== Data provided ==
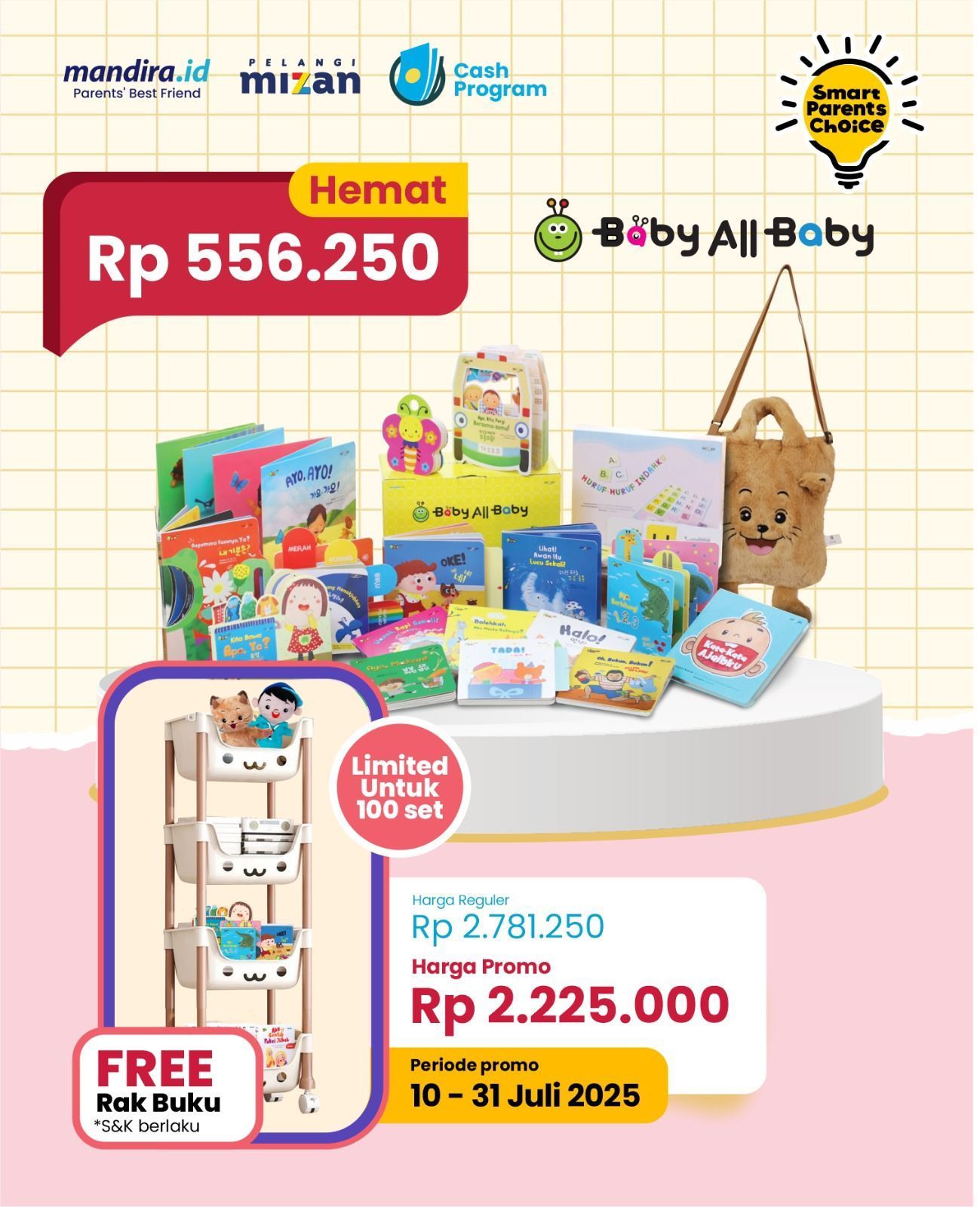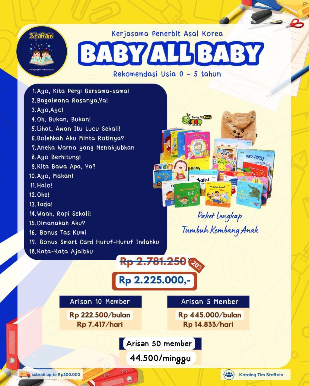 Hi dear Mommss ???????????? ada Buku Baby All Baby nichhh.. lagi ada bonus rak Cuantik lho (limited ????????).. "Baby All Baby" adalah produk buku paket yang ditujukan untuk menstimulasi tumbuh kembang anak usia dini, dengan fokus pada ragam kecerdasan majemuk (IQ, EQ, SQ, EI, dan LQ). Buku ini merupakan terjemahan dari penerbit besar di Korea dan dikemas secara interaktif dengan ilustrasi yang menarik dan aman untuk anak-anak.. grab it Fast my dear parents ????????
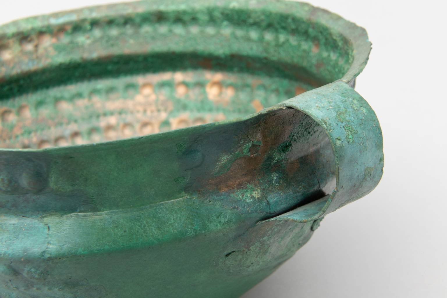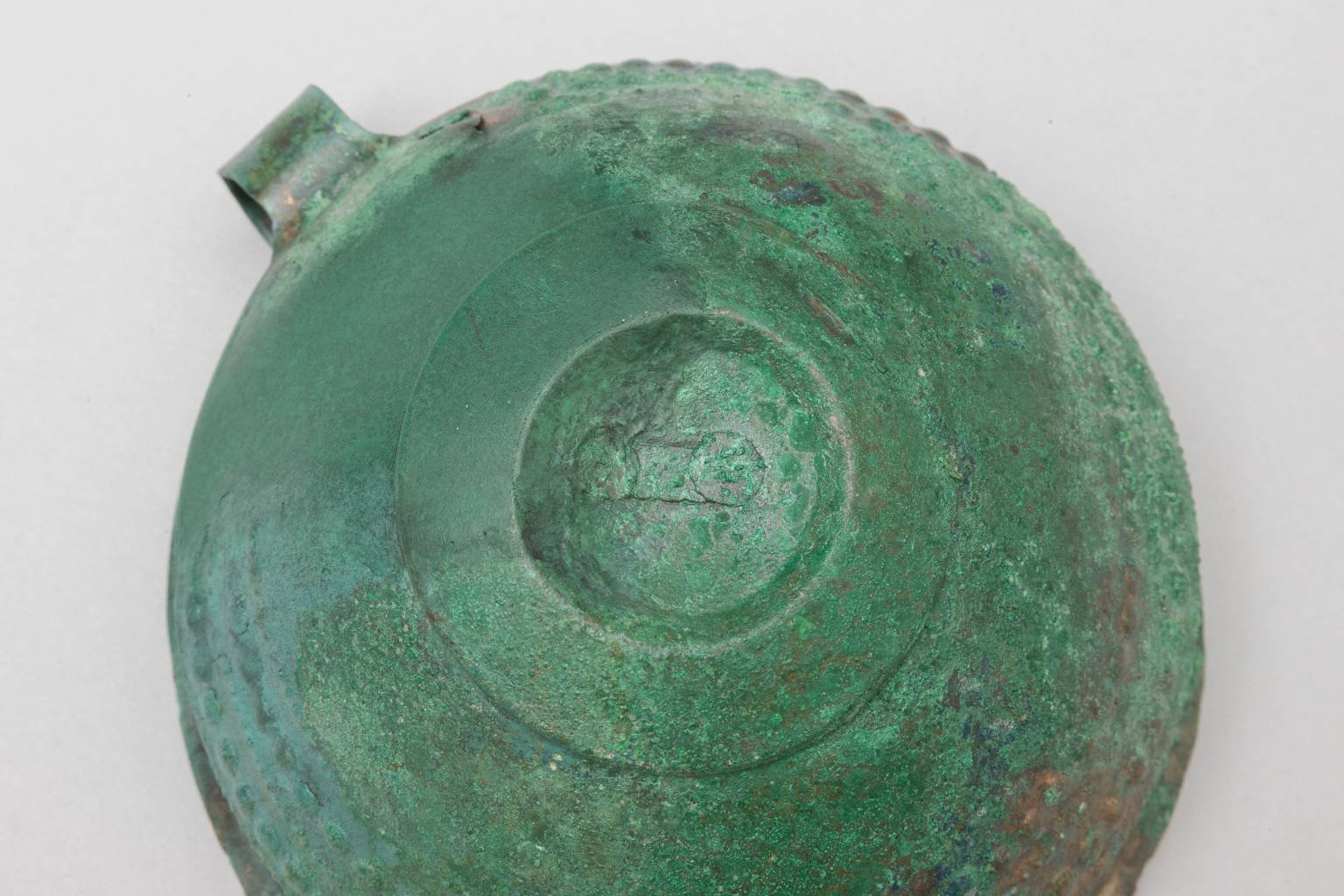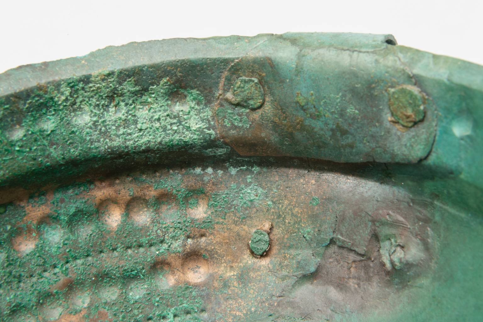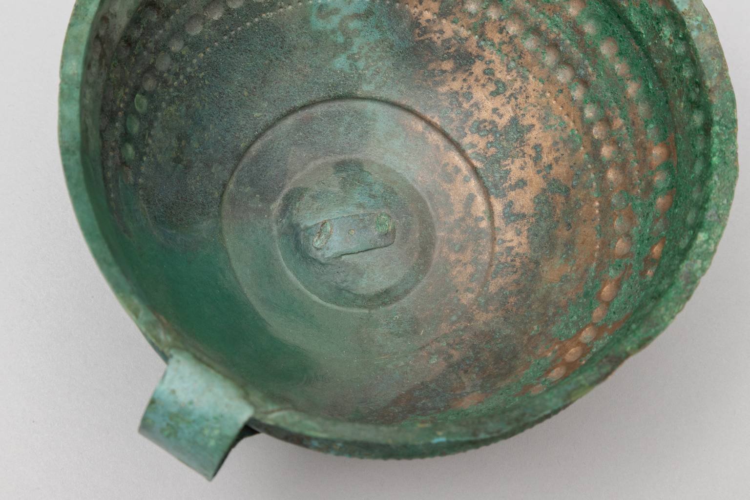 Zaujímavosťou je, že šálka bola už v praveku reparovaná – zrejme dierka na dne bola zakrytá kúskami bronzového pásika z oboch strán, ktoré boli pripevnené dvoma nitmi. To jednoznačne potvrdzuje, že išlo o cenný predmet, ktorý stálo za to opraviť.
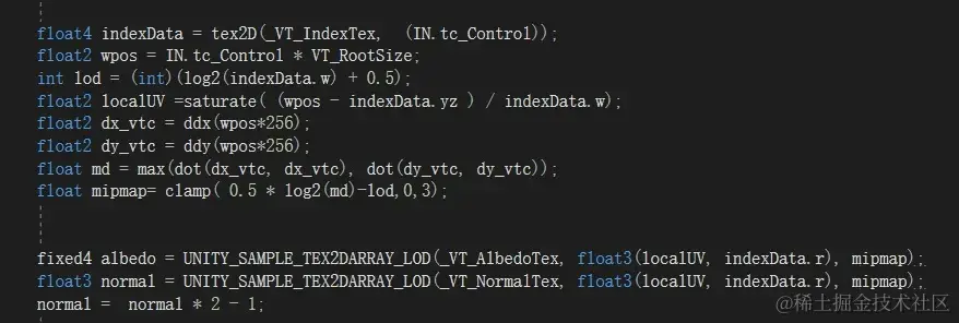 本来直接用地形Shader改改就行,但是他是每4张一个Pass,需要Blit好多次,关键是还要对这些结果做混合,像素拷贝太多了,所以这里改了下,用Texture2DArray存放地形地表纹理比如16张。一次性采样完。因为要输出Albedo和Normal2份数据,所以这里给了开关,如果要一次获得可尝试MRT,但我这里不想再展开。利用Builtin自带地形Shader的Firstpass,一次性采样完所有图层。
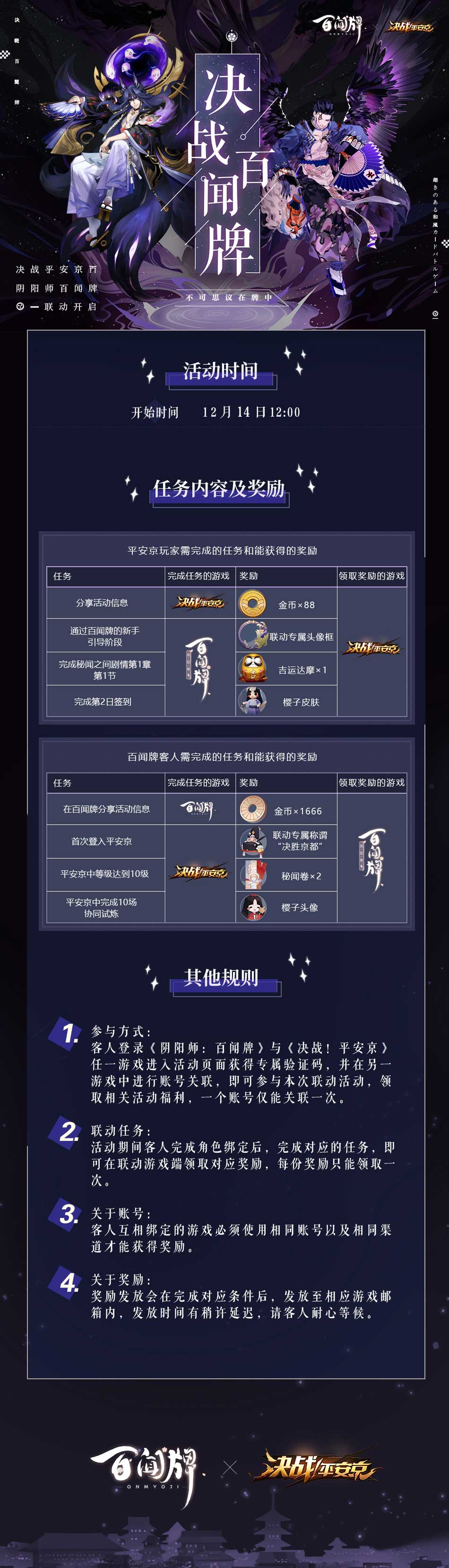 另一方面,《决战!平安京》与《阴阳师:百闻牌》的玩家。则可通过分享活动信息 ,分别获取金币x88,与金币x1666。只要通过《阴阳师:百闻牌》的新手引导阶段,完成秘闻之间的剧情第1章第1节等,就能进入《决战!平安京》得到移动专属头像框、吉运达摩等福利;或是在《决战!平安京》内登录,达成一定等级与协同试炼,便能得到《阴阳师:百闻牌》中的联动专属称谓“决胜京都”、秘闻卷x2与樱子头像。

== Required work ==
No pictures belong in the output. It should reproduce exactly the lines from the one containing "本来直接用地形Shader改" through the end of the data, both ends included.

== Exercise solution ==
 本来直接用地形Shader改改就行,但是他是每4张一个Pass,需要Blit好多次,关键是还要对这些结果做混合,像素拷贝太多了,所以这里改了下,用Texture2DArray存放地形地表纹理比如16张。一次性采样完。因为要输出Albedo和Normal2份数据,所以这里给了开关,如果要一次获得可尝试MRT,但我这里不想再展开。利用Builtin自带地形Shader的Firstpass,一次性采样完所有图层。
 另一方面,《决战!平安京》与《阴阳师:百闻牌》的玩家。则可通过分享活动信息 ,分别获取金币x88,与金币x1666。只要通过《阴阳师:百闻牌》的新手引导阶段,完成秘闻之间的剧情第1章第1节等,就能进入《决战!平安京》得到移动专属头像框、吉运达摩等福利;或是在《决战!平安京》内登录,达成一定等级与协同试炼,便能得到《阴阳师:百闻牌》中的联动专属称谓“决胜京都”、秘闻卷x2与樱子头像。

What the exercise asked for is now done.